**Assignment**
The first line of the entries is where the copy starts and the line with "Картофель вымыть и" is where it ends; set down each line exactly, both ends included, and drop pictures.

(Saved data entries)

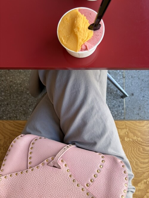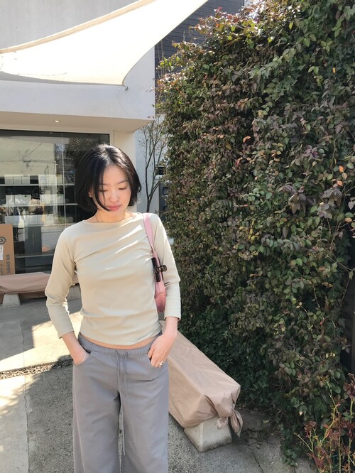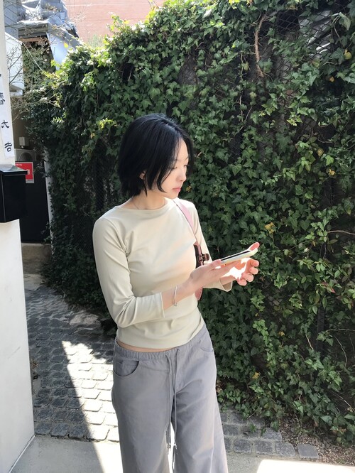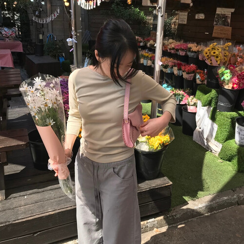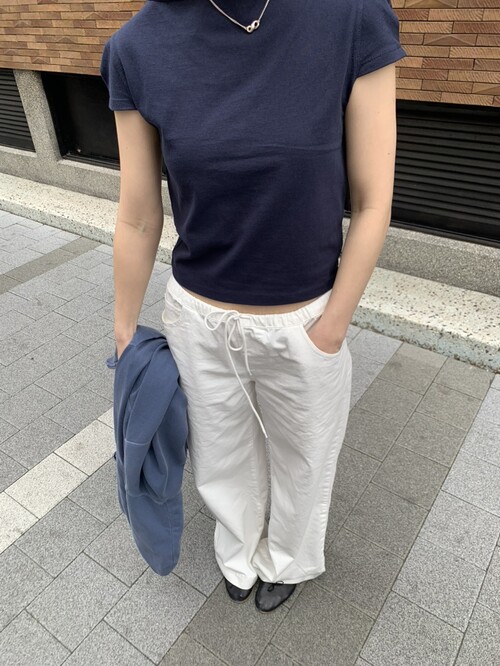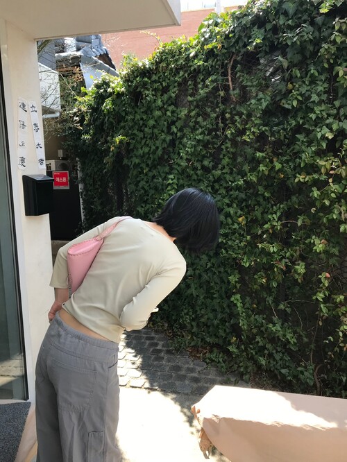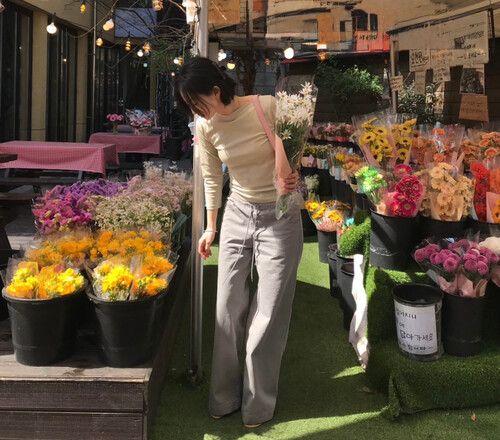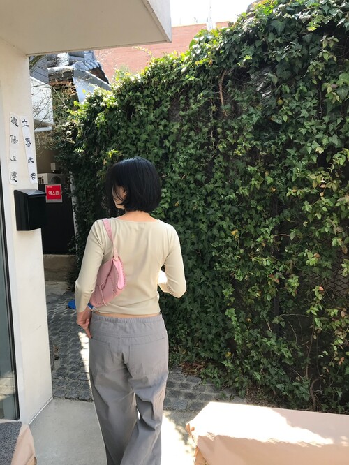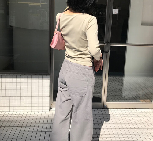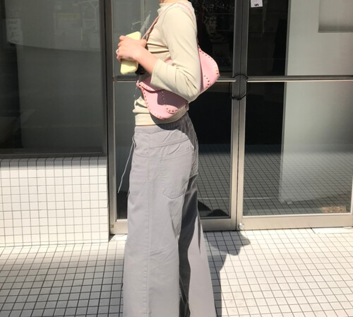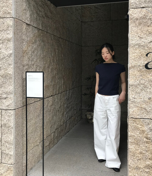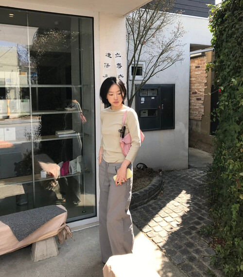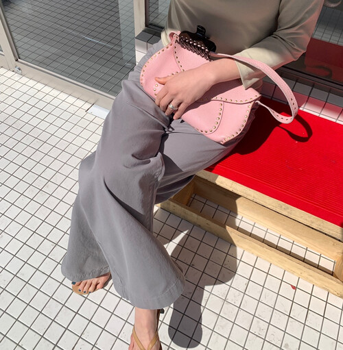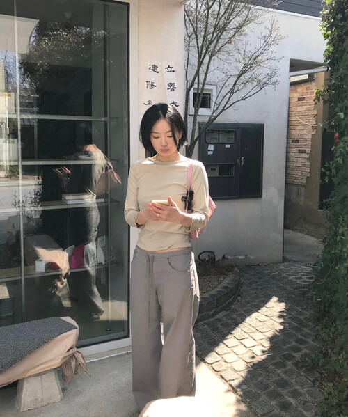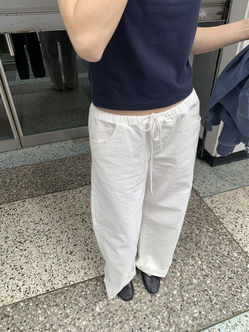 허리는 리본으로 귀엽게 완성되었어요. 단순하지만 고급스러운 분위기의 팬츠입니다.
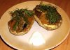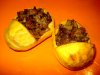 Картофель вымыть и отварить в кожуре. Дать немного остыть, очистить. Разрезать вдоль и ложкой вынуть мякоть из серединки, чтобы получились лодочки. Лук и грибы мелко порезать, обжарить лук в масле, добавить к нему грибы. Тушить пока не выпарится жидкость, потом положить нарезанную кусочками картофельную мякоть, посолить, поперчить, посыпать приправами. Половинки картофеля заполнить фаршем, сверху обмазать майонезом.
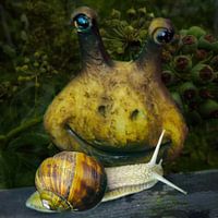 vreemdeling, vreemdeling, slak, slakkensoort, kindermotief, kinderkamer, fantasie, mystiek, science-fiction, reptiel, wijngaard, wijngaard, fantasie, magisch, sprookje, illustratie, collage, digitalart, van een andere ster, decoratief, inspiratie,
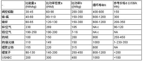 注:NA-數(shù)據(jù)不詳、a-C/3放電率、b-80%DOD、c-機械重充電、d-僅供參考、USABC-美國先進蓄電池協(xié)作體。
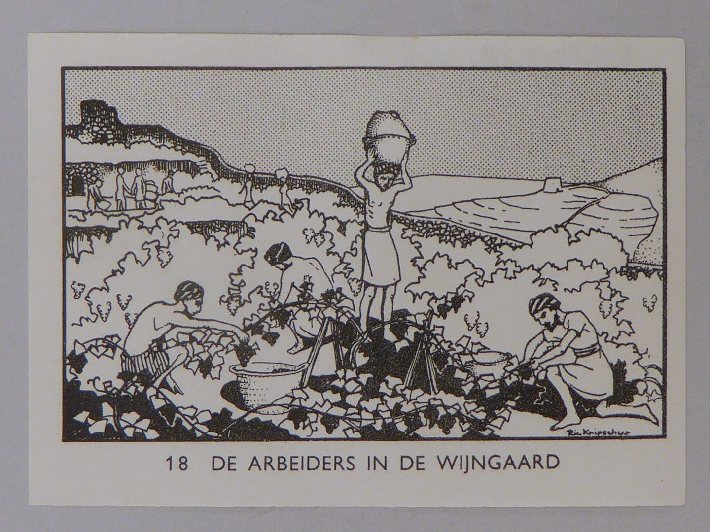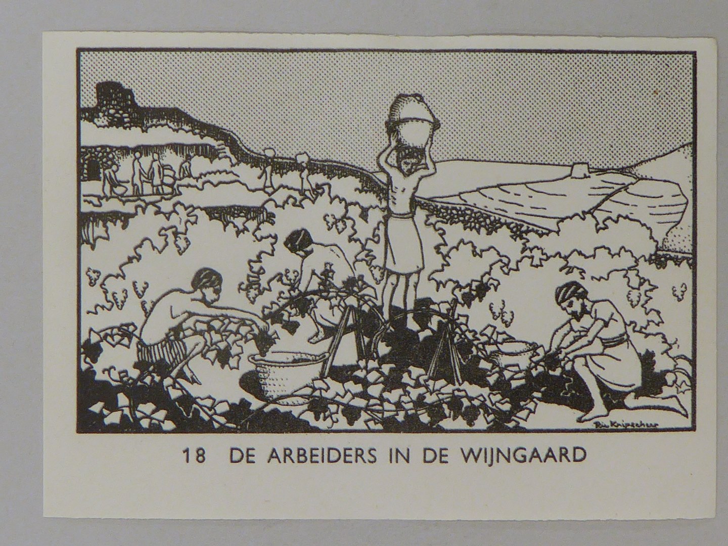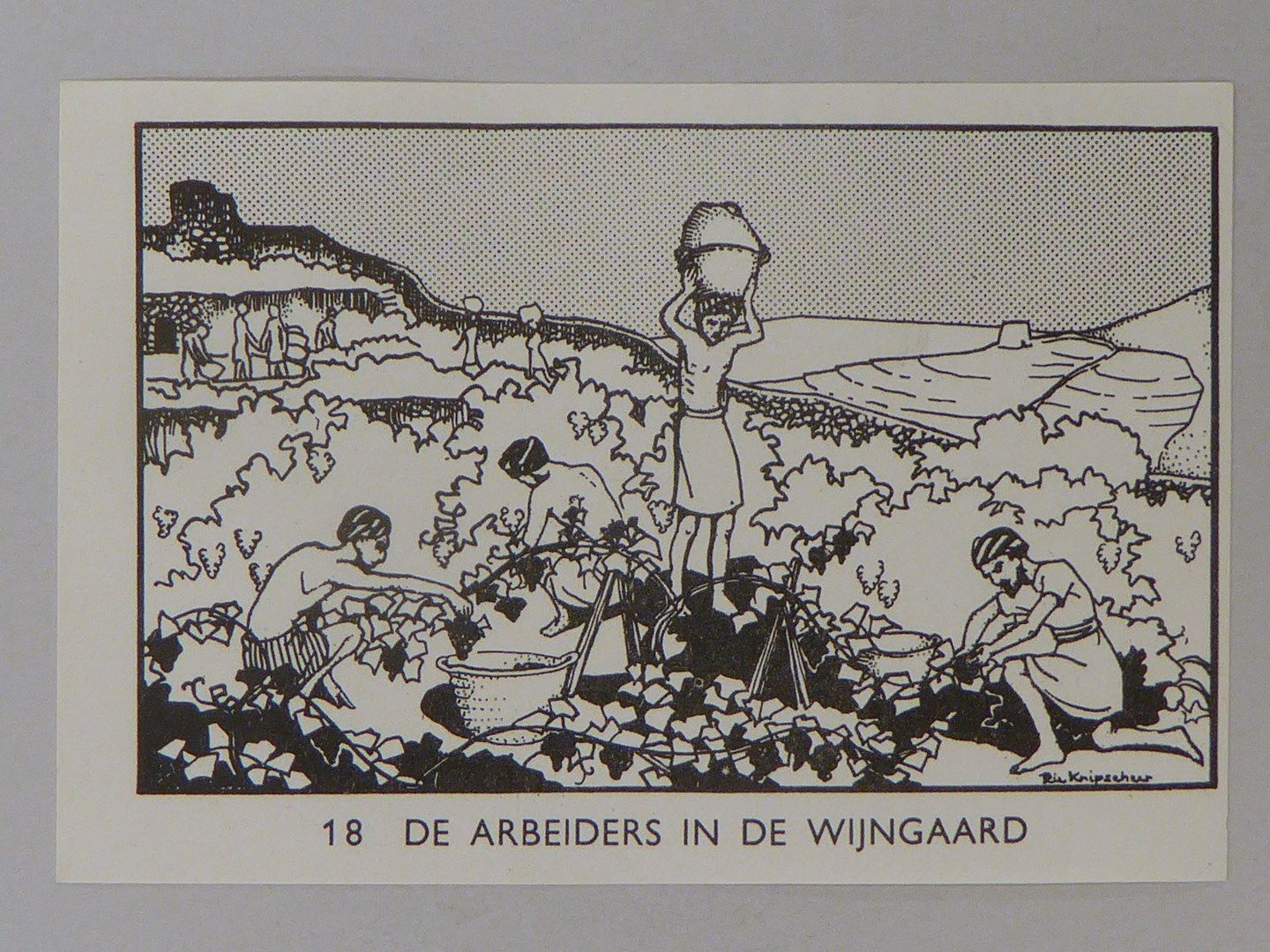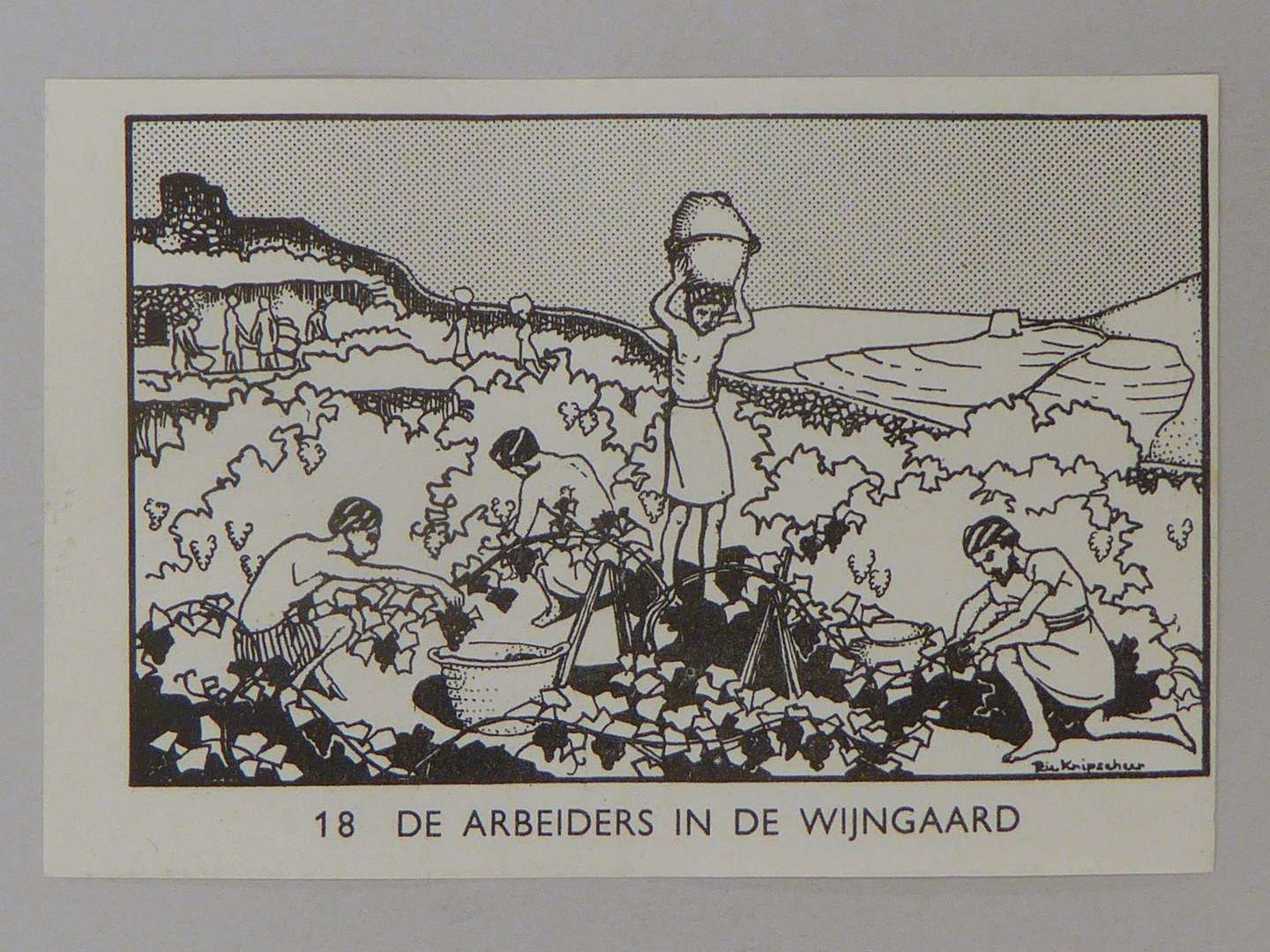 Bijbelplaatje met tekst: No. 18 De arbeiders in de wijngaard (40 stuks)

**Your response**
 허리는 리본으로 귀엽게 완성되었어요. 단순하지만 고급스러운 분위기의 팬츠입니다.
 Картофель вымыть и отварить в кожуре. Дать немного остыть, очистить. Разрезать вдоль и ложкой вынуть мякоть из серединки, чтобы получились лодочки. Лук и грибы мелко порезать, обжарить лук в масле, добавить к нему грибы. Тушить пока не выпарится жидкость, потом положить нарезанную кусочками картофельную мякоть, посолить, поперчить, посыпать приправами. Половинки картофеля заполнить фаршем, сверху обмазать майонезом.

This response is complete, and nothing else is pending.